Small children started on the path to “Judaism” in Baruch Melamed's heder. Some older children still attended one or two studied with Pesah. The two heders were across the street from the big synagogue. Large alphabet tables made of cardboard were (spread out on the benches. The village melamed “Baruch Sobiesral” used his whalebone pointer to indicate the letters. There was a different picture for each letter: “Alef” - a man carrying a load over his shoulders that bowed him down; “Gimel” - a purse. “Learn children, learn. Purses full of silver will fall to you from heaven, “said the rebbeh. The children's eyes glistened, they knew that a single penny could buy them poppy-seed cookies and egg-biscuits (eyer kichlach) at Hayah-Sarah's store. At old Bobsehczyne's, the one with the “horn” on her nose, you could get a cupful of boiled chickpeas. “Dalet” was the flag for Simhat Torah (the Rejoicing in the Law, last day of Tabernacles). All around the letter “Hey” danced Simha the Lame and Ya'acov- Moshe with the short leg. “Het,” was the entrance to the heder The “Yod” was so tiny that it crept into one's heart. terminal “Koph” and terminal “Pay” were Yankel Tzaitag's tall lampposts. “Lamed,” was the hunchback, Moshe Soifer's wife. “Samech,” was the barrel of beer that stood in the priest's window “Ein,” a nose and two eyes. The “Shin” was readily visualized: carriage horses with leather blinders and a silver “shin” next to each eye.

The first days in the heder of the pleasant rebbeh were spent in playing alphabet games. Those good and happy days. But once the Torah nursling grew older, he fell onto hard times.

The letters joined forces and became words. There were blessings to be learned as one assumed the yoke of the Law. In a twinkling, the children were transformed into Jews who were obliged to fulfill the various commandments. One could no longer skip a word, eat before praying or forget the fringed garment. All at once, a heavy burden descended on the young shoulders, a yoke of commandments and transgressions, a life full of apprehension, almost like that of the adults.

For many years, Baruch's “heder” led the children on to the heder of Pesah “goatbeard” (kozi-bord). Study of the Pentateuch began with, “Vaikra” (Leviticus) accompanied by a Yiddish translation and an additional explanation. The yoke became heavier. Learning the alphabet was close to one's heart and easy.

The letters represented familiar persons and houses in the children's yards and streets.

While studying, the child's thoughts carried him far from town: to Haran, Padan, Aram, Alonei Mimreh, and to Hebron where Abraham met the sons of Het. They were lulled by the resounding waves of melody that made one's head heavy and forced one's eyes to close. In their minds, they wandered from Or Kasdim to Egypt over a hot and blazing desert. It was terrifying to experience the burdensome dream in the Convenant of Abraham, the dark terror that overcame Abraham, our forefather, and the promise, “I will make of thee a great nation” that caused the Jews so much suffering until this very day.

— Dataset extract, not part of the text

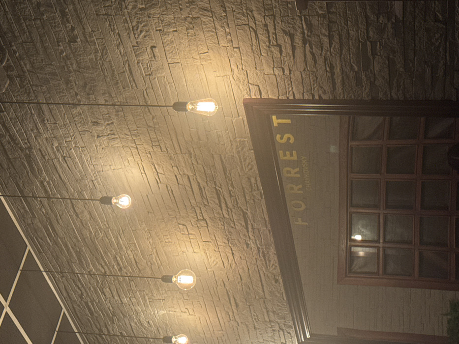 The image depicts an interior scene, likely a commercial establishment, in Chaykovsky, Russia. A textured wall clad with horizontal courses of light brown/beige stone masonry occupies the background, extending from the left to the right of the frame. Four pendant light fixtures with exposed, illuminated, warm-toned Edison-style bulbs hang from a dark, grid-patterned ceiling at varying heights. The bulbs appear to be a mix of spherical and teardrop shapes. A large, dark-framed mirror is positioned in the lower central and right portions of the image. Reflected in the mirror is a dark-framed, multi-paneled window or door structure. Directly on the mirror's surface, the word "FORREST" is prominently displayed in gold capital letters, with "CHAYKOVSKY" in smaller gold letters beneath it, indicating the establishment's name and its location within Chaykovsky, Russia. No individuals are visible.

Suddenly the world was full of demons and evil spirits. At twilight, between Minha and Maariv, the city's skies were set ablaze not by the setting sun but by the fires of Gehinom (hell) where the wicked are roasted and burned.

Synagogue Street was no longer a peaceful lane in which one could see mothers, grandmothers and aunts in black silk dresses and Turkish shawls, and wigs full of combs and beads. It was no longer a place where Jews slowly streamed from the synagogue and the batei rnidrash.

Slowly, slowly everything assumed a different form. When a white dove alighted on the roof of the synagogue, it was a sign that an angel bearing good tidings had appeared. If a star twinkled far off in the dark skies, that was a pure soul meant to join us or leaving us now. The stars are the souls of small brothers and sisters who left us when still young. In those days many innocent little sisters and young brothers departed from each family and ascended to Heaven. One began to have fears and to search the synagogue for demons. Boys in Pesah's heder already knew that every night the dead came to pray in the synagogue. There were children who had seen this with their very own eyes. In the morning frightened children would point out black-and-blue marks on their hands, pinches by the dead.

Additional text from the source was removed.